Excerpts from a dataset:
──────────

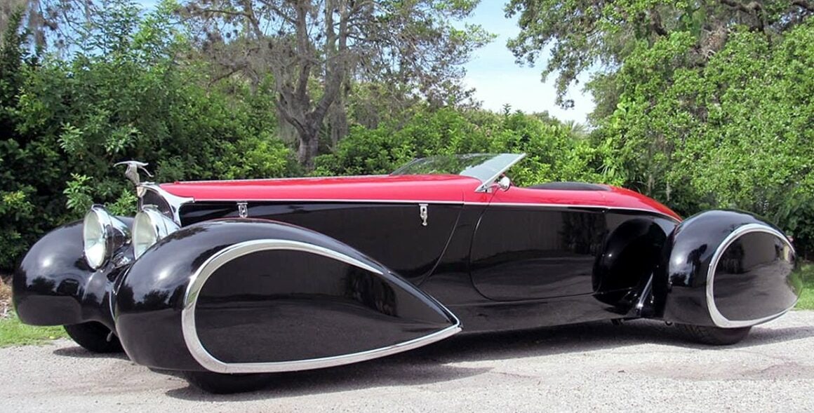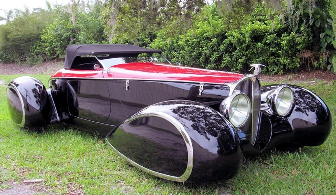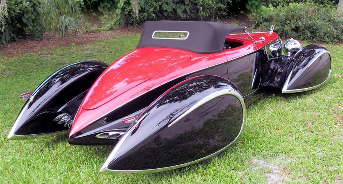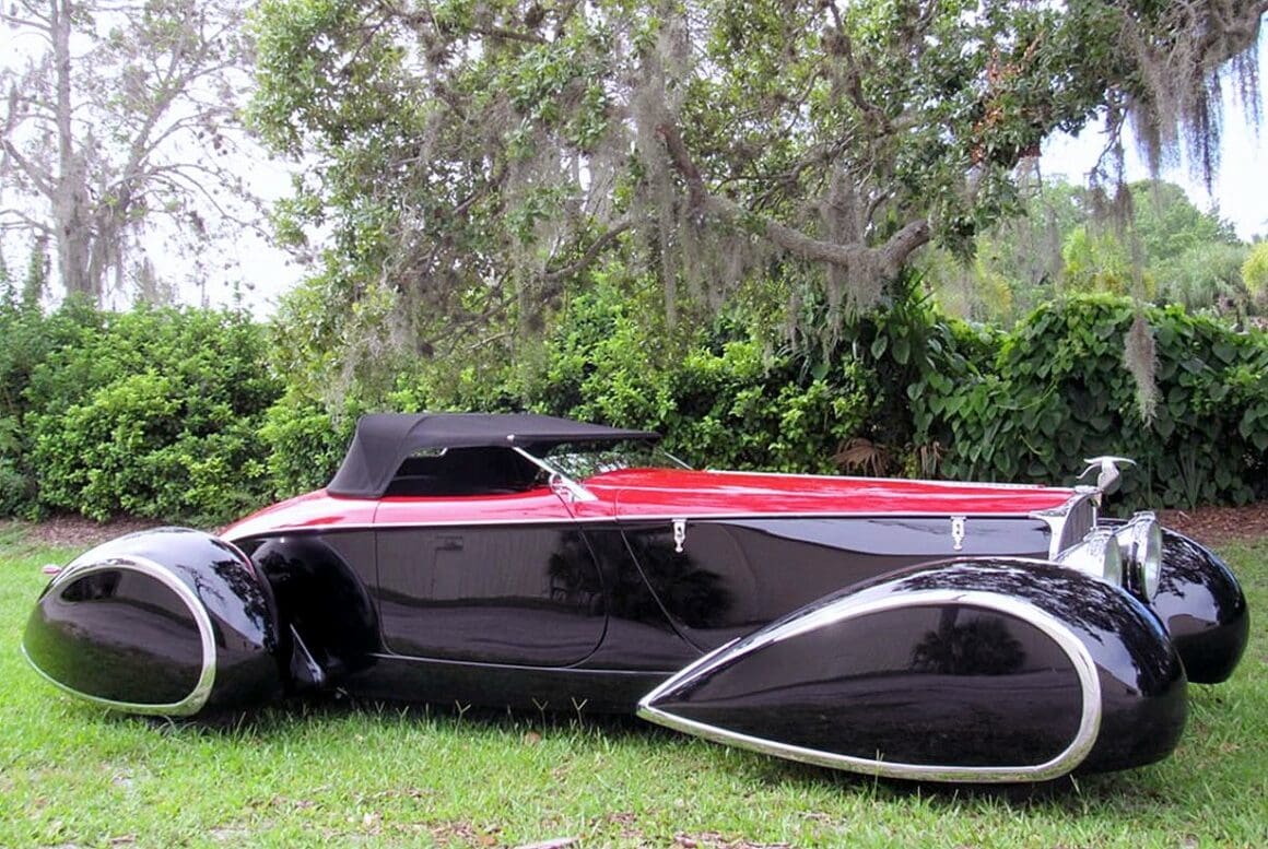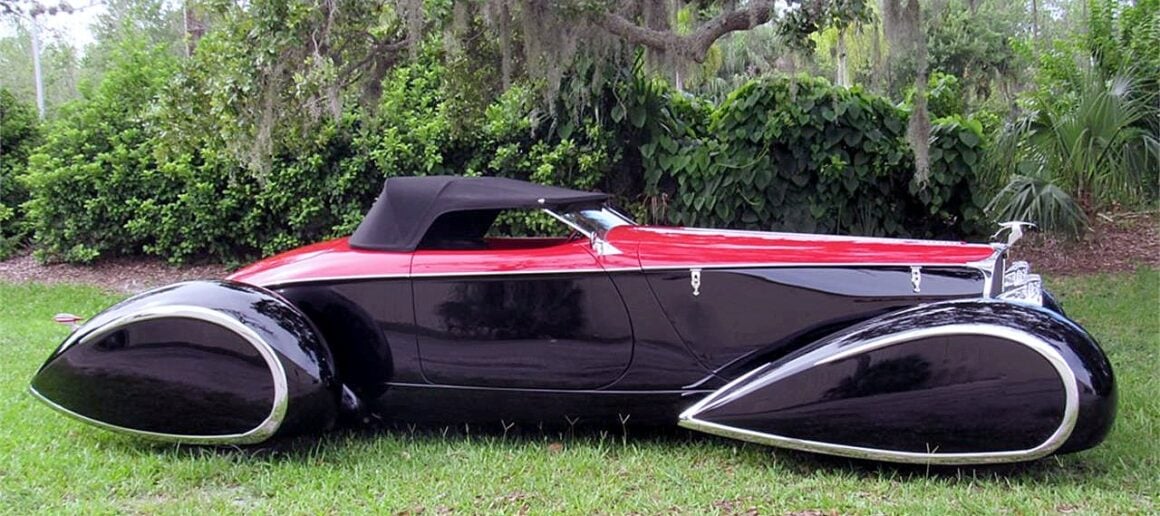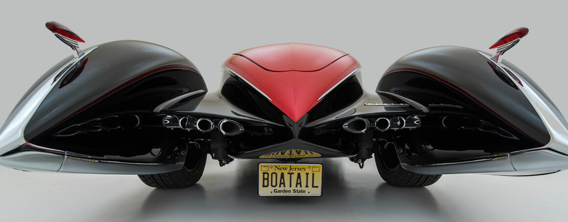 Commençant sa vie comme une voiture sans ailes, elle a évolué pour devenir la première “queue de bateau” de deuxième génération avec des ailes pontons tout autour. Cela a commencé comme le Highboy avec des inserts de hors-bord en bois (véritable) stratifié. Ensuite, les pontons fermés à l’avant et à l’arrière ont été ajoutés par Gary Brown. Cette voiture s’est vendue aux enchères Keels & Wheels au Texas pour 105.000 $. Plusieurs autres queues de bateau à ailes pontées Gen Two ont suivi avec la Type 57 Bugnotti noire qui s’est vendue pour 227.000 $ à la vente aux enchères Gooding Scottsdale, AZ.
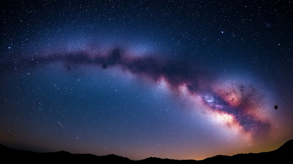Have you ever wondered how the field of view impacts your Milky Way shots? It’s a critical factor because it determines how much of the night sky you can fit into a single frame. A wider field of view allows you to capture more of the Milky Way and create immersive, breathtaking images. Lenses with focal lengths between 14mm and 24mm are ideal, offering broad coverage without distortion. Circular fisheye lenses with a 220° view can produce striking, spherical images that include the entire sky, giving a dramatic effect. The field of view also affects composition, letting you incorporate foreground elements or landscape features. Plus, a larger view reduces the need for multiple shots or stitching, making it easier to capture expansive scenes in one exposure.
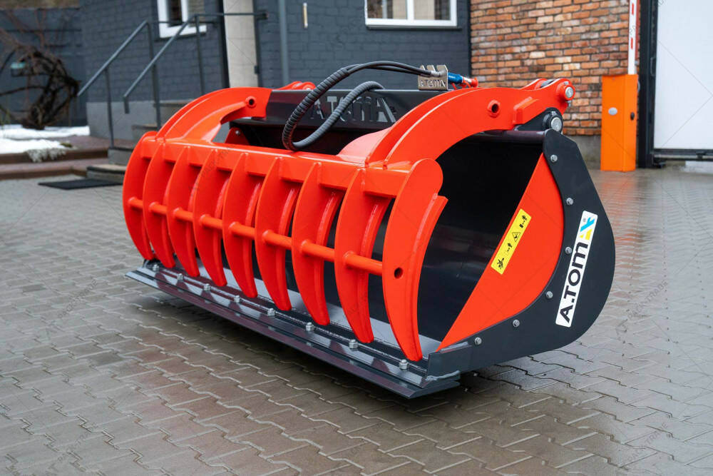 Ківш з захватом для навантажувача - А.ТОМ 1,0 м³ – це високоефективне та універсальне обладнання для будівельної, промислової та сільськогосподарської діяльності. Виготовлений із використанням високоякісної зносостійкої сталі, яка гарантує міцність та тривалу експлуатацію обладнання. Ківш має спеціально розташовані зуби, які допомагають утримувати та піднімати матеріали такі як ґрунт, пісок, каміння, сміття, дерев'яні бруси. Високий рівень універсальності ковша з захватом дозволяє використовувати його для різноманітних видів робіт, включаючи земляні робіти, операції із завантаження та розвантаження матеріалів, сортування сміття, будівництво доріг, садівництво та багато іншого.
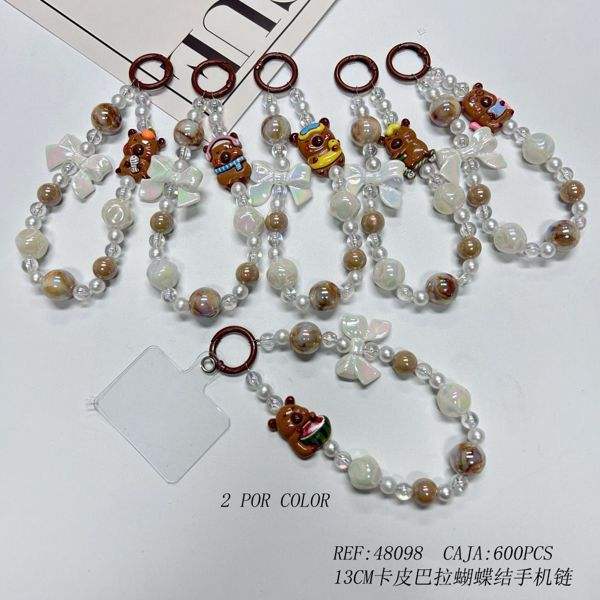 Catena per telefono Capibara Bow da 13 cm con perle e ciondolo a forma di orsetto per decorazione del cellulare
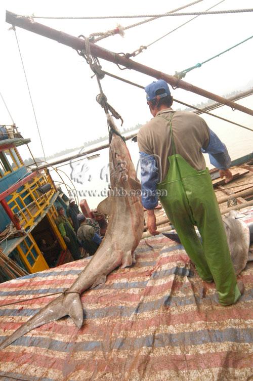 鲨鱼不是不允许捕获的吗?连江县海洋渔业局工作人员告诉记者,这次捕获的鲨鱼主要是双髻鲨,它不属于保护范围内的鲨鱼。
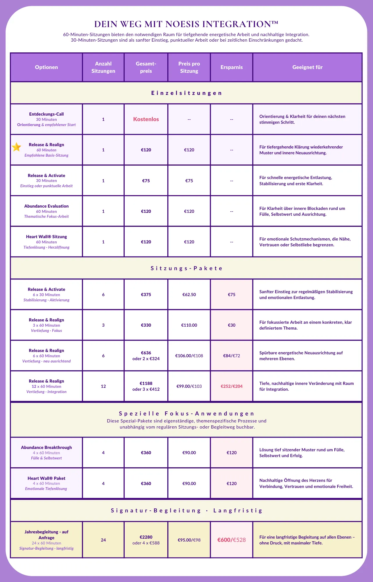Du erhältst einen ersten Einblick in meine Noesis Integration™ Methode und eine klare Empfehlung, welche Sitzung oder welches Programm dich jetzt optimal weiterträgt.
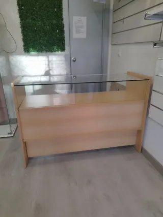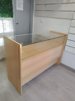 Mostrador de tienda con vitrina de cristal. - Diseño moderno y funcional. - Estructura de madera. - Superficie de cristal.
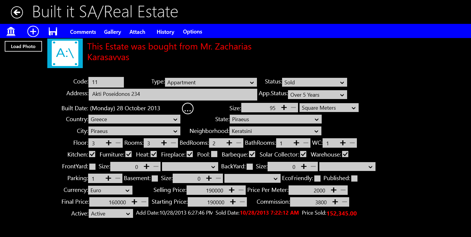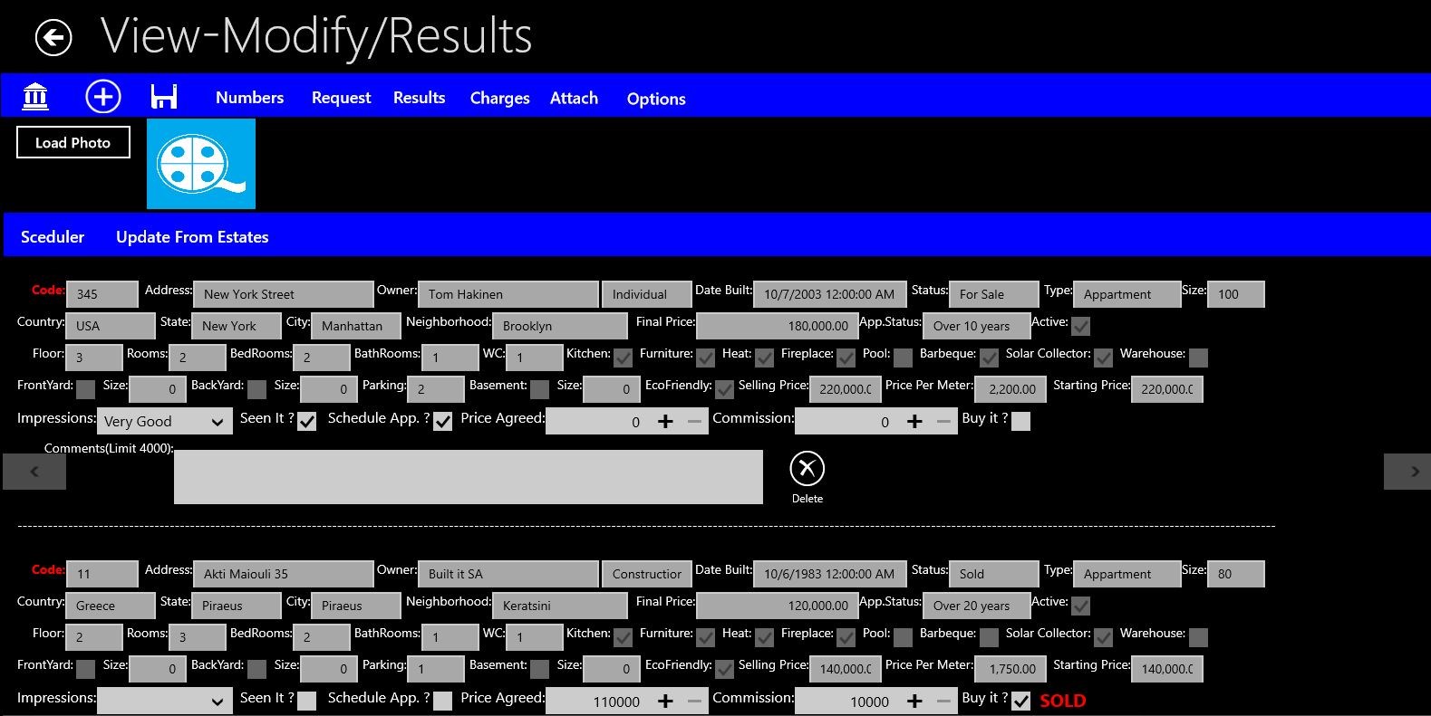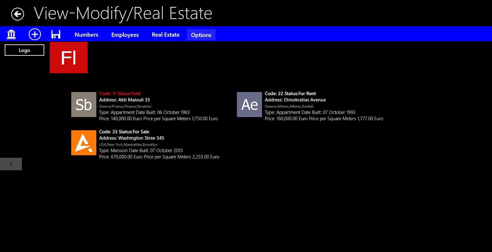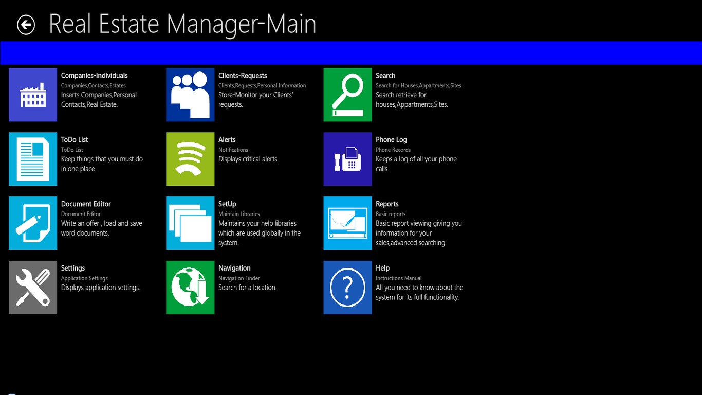 Create your Companies-Individuals Real Estate Properties.Create your Clients\' Profile. Keep all their Contact Details in one place !Record and keep in your local database your Clients\' requests.Use advanced Search features for proposing your Client , Estates.Schedule Appointments.Create Alerts so the system will automatically inform you for your urgent jobs !Add Reminders!Keep a log with your Phone calls.Monitor your sales using the Reports !Capture video or photo of the Estate and attach them directly to your Client\'s Profile ! Add Audio notes to each Estate.Live Tile which informs you about the latest appointments and alerts.Navigation , Basic navigation queries with instructions while you are On The Go!Customize your application according to your needs.A Complete Manual is embedded about how to operate the System and use it in its full functionalityExport your data to ExcelCreate , load ,modify your word documents from inside the App with our New Rich Text Editor
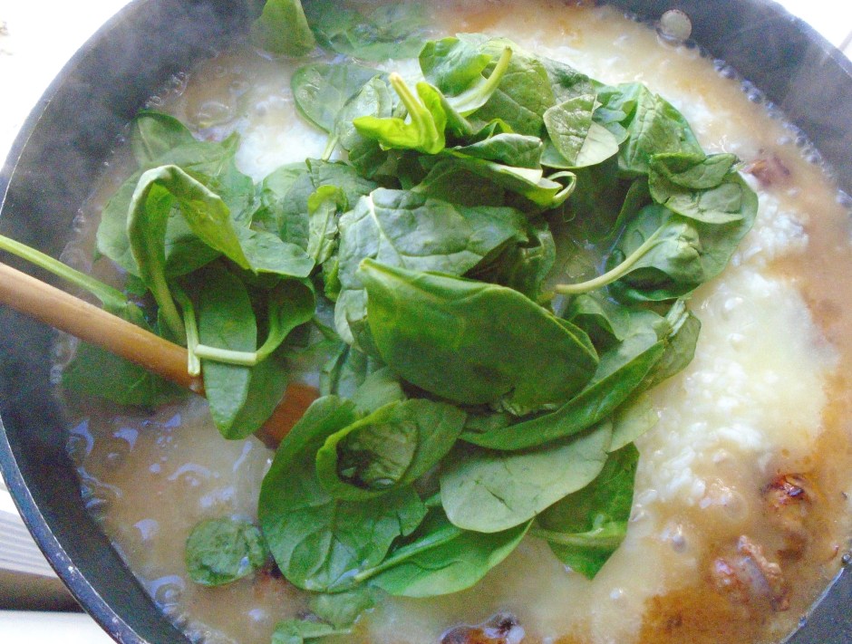Spicy Sausage And Spinach Congee ← Previous Next → add 2 cup tighly packed fresh spinach, remove from heat
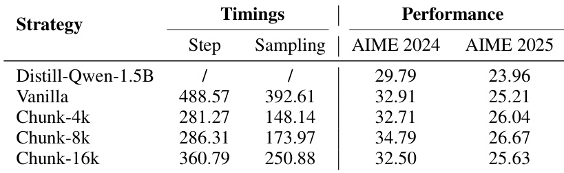 The authors use a chunk-wise rollout strategy to evaluate training efficiency, comparing it against a naive full-response generation approach. Results show that reducing the chunk size decreases sampling time per step, but further reduction from 8k to 4k tokens does not improve total training time due to increased log probability computations, indicating a trade-off between sampling speed and computational overhead.
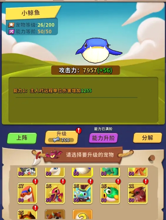 宠物的初始攻击力是相同的,通过升级宠物提升宠物攻击力

──────────

What the exercise asks:
With the pictures omitted, print the lines above exactly, beginning at the line with "鲨鱼不是不允许捕获的吗?连江" and going on through the line with "Mostrador de tienda".

Answer space:
 鲨鱼不是不允许捕获的吗?连江县海洋渔业局工作人员告诉记者,这次捕获的鲨鱼主要是双髻鲨,它不属于保护范围内的鲨鱼。
Du erhältst einen ersten Einblick in meine Noesis Integration™ Methode und eine klare Empfehlung, welche Sitzung oder welches Programm dich jetzt optimal weiterträgt.
 Mostrador de tienda con vitrina de cristal. - Diseño moderno y funcional. - Estructura de madera. - Superficie de cristal.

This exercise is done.